What you will do – Copy out the data below from the line containing "국민한테 군림하려고 아버지가" to the line containing "El martes, unos", both lines included, with all images left out.

Top of Data extract

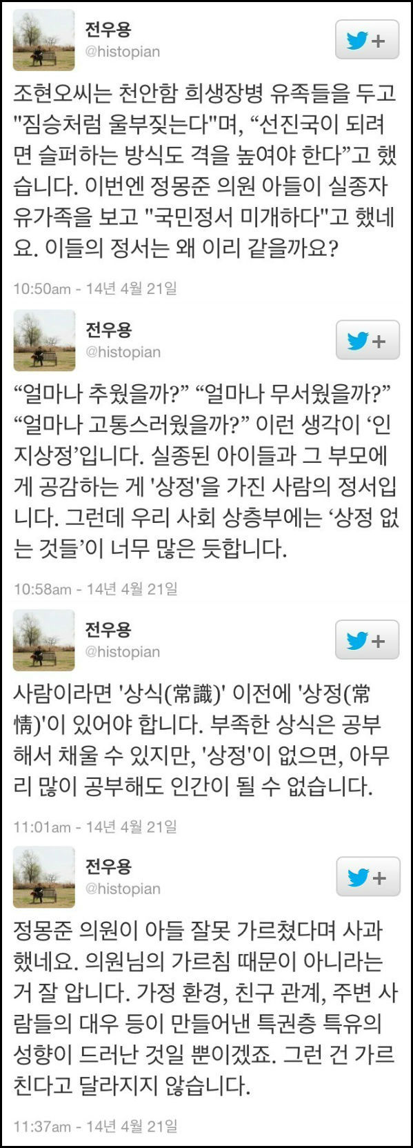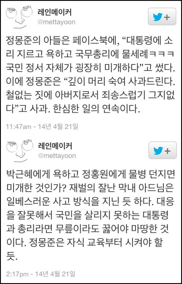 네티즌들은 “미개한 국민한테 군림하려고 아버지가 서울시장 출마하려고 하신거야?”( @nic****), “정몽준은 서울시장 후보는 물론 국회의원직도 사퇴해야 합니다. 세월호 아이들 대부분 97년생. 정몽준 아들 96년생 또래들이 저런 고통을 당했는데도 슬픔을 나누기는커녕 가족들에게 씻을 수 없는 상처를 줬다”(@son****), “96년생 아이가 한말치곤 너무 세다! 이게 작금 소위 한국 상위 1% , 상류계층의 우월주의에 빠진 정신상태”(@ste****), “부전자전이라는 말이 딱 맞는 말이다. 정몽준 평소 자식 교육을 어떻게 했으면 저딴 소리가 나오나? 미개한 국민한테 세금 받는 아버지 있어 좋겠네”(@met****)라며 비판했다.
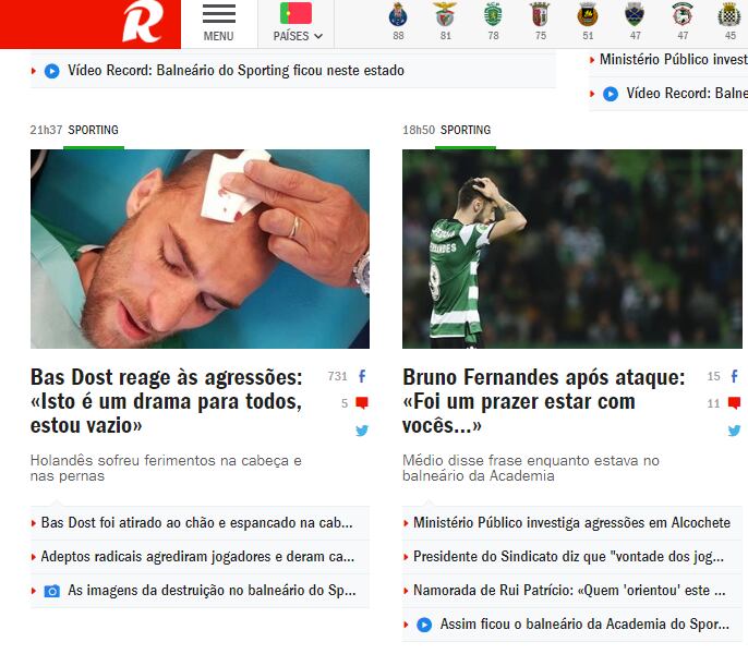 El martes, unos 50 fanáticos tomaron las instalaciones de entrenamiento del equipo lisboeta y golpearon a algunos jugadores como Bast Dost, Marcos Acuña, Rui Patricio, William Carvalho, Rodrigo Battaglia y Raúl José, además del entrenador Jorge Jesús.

Bottom of Data extract
Top of Data extract

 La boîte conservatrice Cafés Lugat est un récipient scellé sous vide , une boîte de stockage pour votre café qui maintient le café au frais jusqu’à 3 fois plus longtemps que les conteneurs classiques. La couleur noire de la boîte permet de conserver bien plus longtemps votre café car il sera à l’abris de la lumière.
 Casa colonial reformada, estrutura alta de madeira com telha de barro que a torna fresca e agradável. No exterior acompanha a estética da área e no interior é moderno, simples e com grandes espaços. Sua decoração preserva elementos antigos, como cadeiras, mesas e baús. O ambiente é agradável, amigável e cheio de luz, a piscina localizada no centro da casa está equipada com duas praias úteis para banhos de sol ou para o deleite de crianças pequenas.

Bottom of Data extract
Top of Data extract

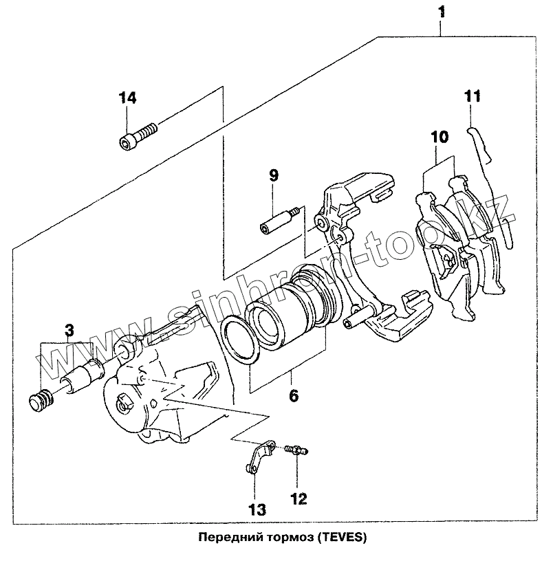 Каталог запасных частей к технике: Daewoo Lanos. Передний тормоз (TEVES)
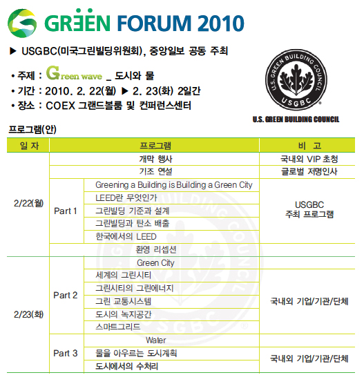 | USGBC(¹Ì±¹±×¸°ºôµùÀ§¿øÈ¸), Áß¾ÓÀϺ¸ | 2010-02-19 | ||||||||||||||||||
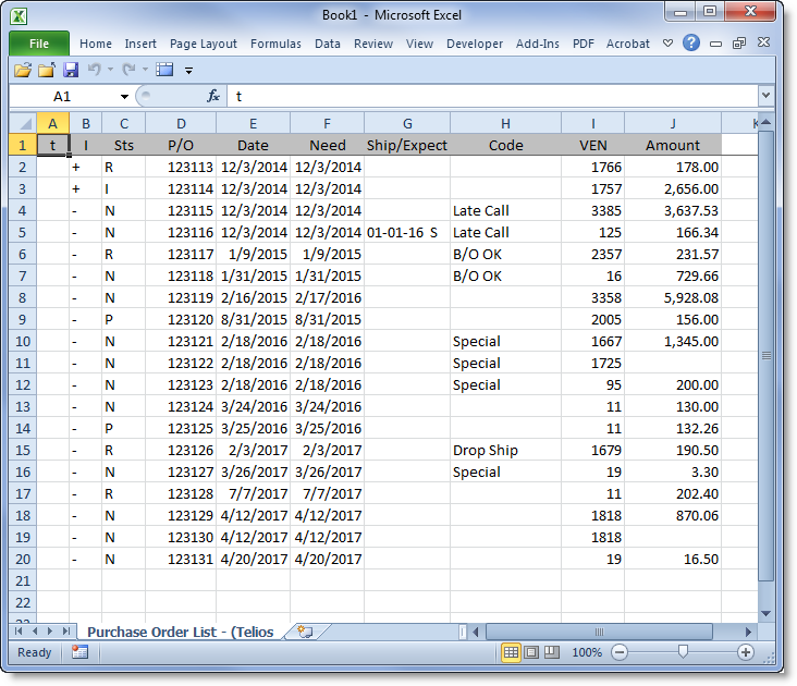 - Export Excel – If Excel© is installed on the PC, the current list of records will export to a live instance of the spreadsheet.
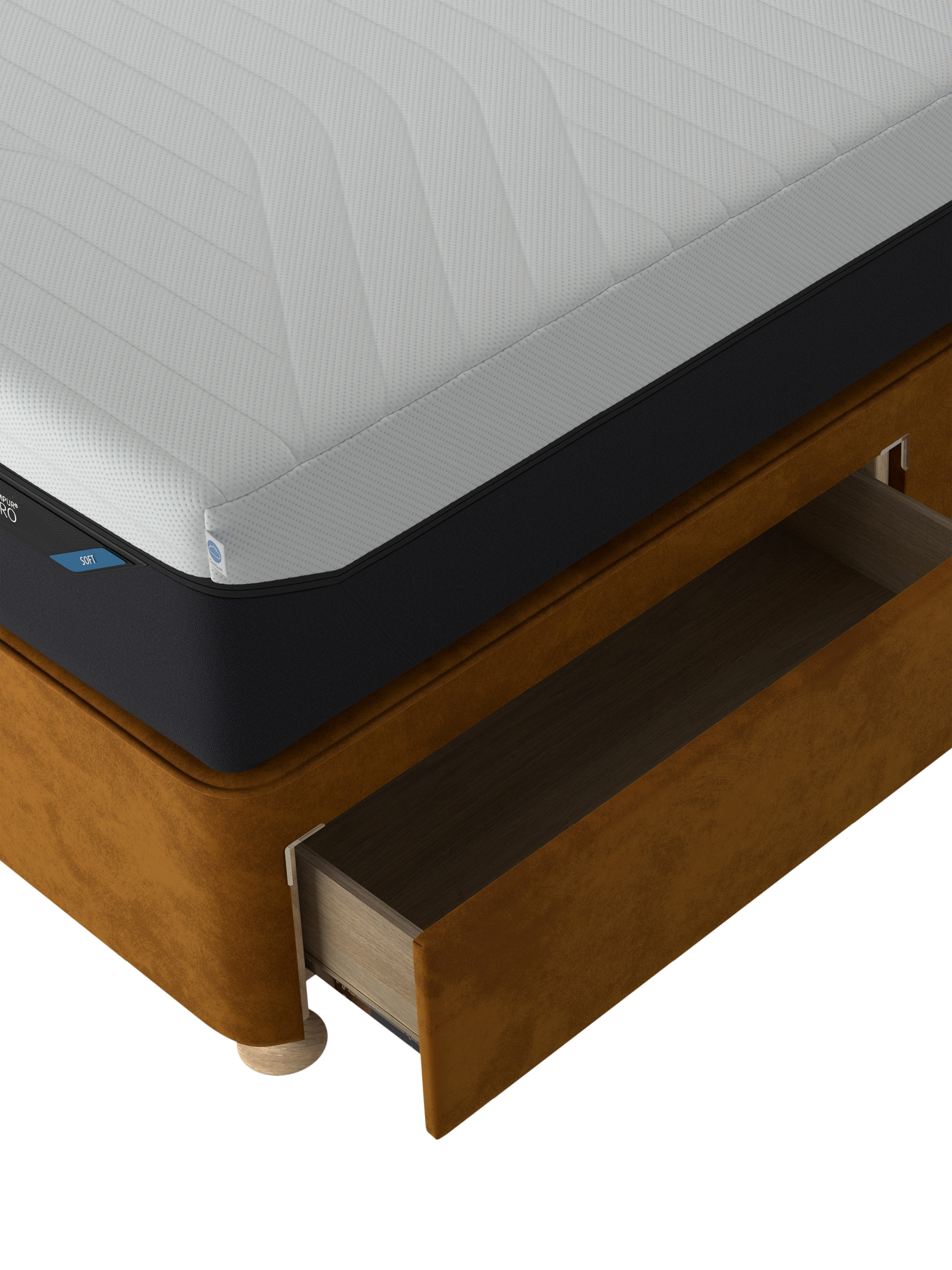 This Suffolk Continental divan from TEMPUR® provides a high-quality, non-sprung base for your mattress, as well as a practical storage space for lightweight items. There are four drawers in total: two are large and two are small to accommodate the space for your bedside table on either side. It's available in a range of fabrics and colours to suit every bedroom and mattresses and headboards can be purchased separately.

Bottom of Data extract

Exercise result –
 네티즌들은 “미개한 국민한테 군림하려고 아버지가 서울시장 출마하려고 하신거야?”( @nic****), “정몽준은 서울시장 후보는 물론 국회의원직도 사퇴해야 합니다. 세월호 아이들 대부분 97년생. 정몽준 아들 96년생 또래들이 저런 고통을 당했는데도 슬픔을 나누기는커녕 가족들에게 씻을 수 없는 상처를 줬다”(@son****), “96년생 아이가 한말치곤 너무 세다! 이게 작금 소위 한국 상위 1% , 상류계층의 우월주의에 빠진 정신상태”(@ste****), “부전자전이라는 말이 딱 맞는 말이다. 정몽준 평소 자식 교육을 어떻게 했으면 저딴 소리가 나오나? 미개한 국민한테 세금 받는 아버지 있어 좋겠네”(@met****)라며 비판했다.
 El martes, unos 50 fanáticos tomaron las instalaciones de entrenamiento del equipo lisboeta y golpearon a algunos jugadores como Bast Dost, Marcos Acuña, Rui Patricio, William Carvalho, Rodrigo Battaglia y Raúl José, además del entrenador Jorge Jesús.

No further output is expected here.